The Morris A. Knight House is a single family home located at 1105 Church Street in Flint, Michigan. It was listed on the National Register of Historic Places in 1982.

==History==
Morris A. Knight was born in Detroit in 1847; his parents owned and operated a shoe store. In 1863, the family moved to Flint and opened another shoe store. Morris worked for his father for a few years, then moved to Bay City in 1874 to work in a mercantile business. He returned to Flint in 1876 and started a dry goods store, in partnership with O. M. Smith, named O. M. Smith and Company. The store was immediately successful, and in 1880 moved to a larger space. In 1883 Smith and Knight formed a partnership with Jay Thompson to open a second store in Bay City.
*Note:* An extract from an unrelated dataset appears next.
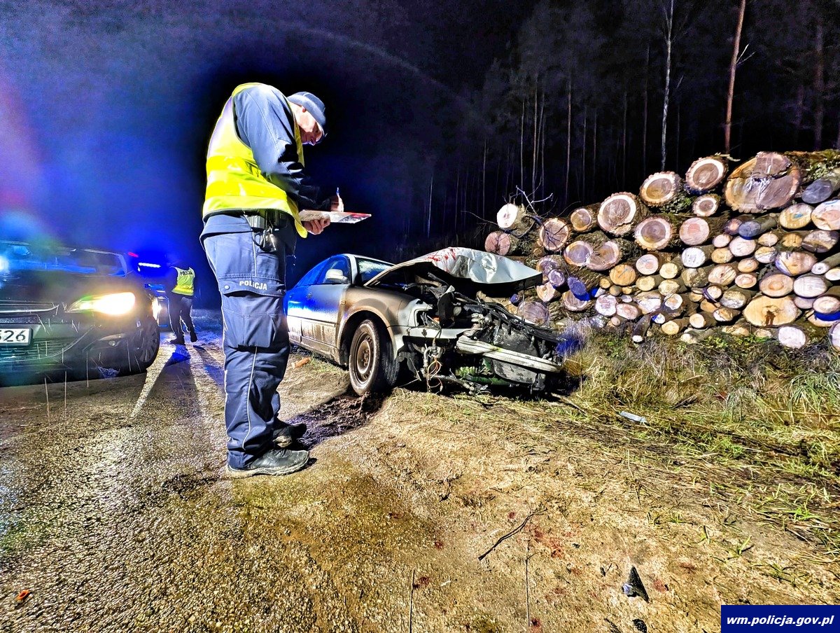 Policjanci otrzymali zgłoszenie dotyczące groźnego zdarzenia drogowego, do którego doszło w Błąkałach. Samochód marki Volkswagen uderzył w drzewo. Mundurowi wyjaśniają okoliczności tego zdarzenia.

Meanwhile, their Flint store continued to prosper, and in 1891, they moved to yet larger quarters. By the early 1900s, O. M. Smith and Company had expanded their line of reay-to-wear clothing, dry goods, and other family-related stock to become one of the first true department stores in the area. It remained in business until the Great Depression forced it to close in 1932.

While running a successful business, Knight also started a family. He married Harriett Henderson of Flint in 1877; the couple had three children. In 1887, the couple constructed this residence for their family. Morris A. Knight lived in the house until his death in 1918. Afterward, Harriett Knight lived there until her own death in 1935. The house passed to the Knight's youngest daughter, Alice, who remained in the house until her own death in 1977.

==Description==
The Morris A. Knight House is a two-story, wood-framed, Queen Anne house with asymmetrical massing. It displays a variety of window shapes and sizes, a varying roofline, and a mix of shingle and clapboard sheathing. The front facade is asymmetrical, with a projecting two-bay section on one side contains two twelve-over-one double hung sash window units on each floor. A gable roof with casement windows and a sunburst carving tops the bays. On the other side is a deeply recessed bay with a double-door entry. A curved wraparound porch with turned columns shelters the entryway; the eaveline of the porch continues across the entire facade. The second floor holds paired nine-over-one sash window units, with fishscale shingling covering the bay. A hipped roof containing a small pediment and dormer tops the bay.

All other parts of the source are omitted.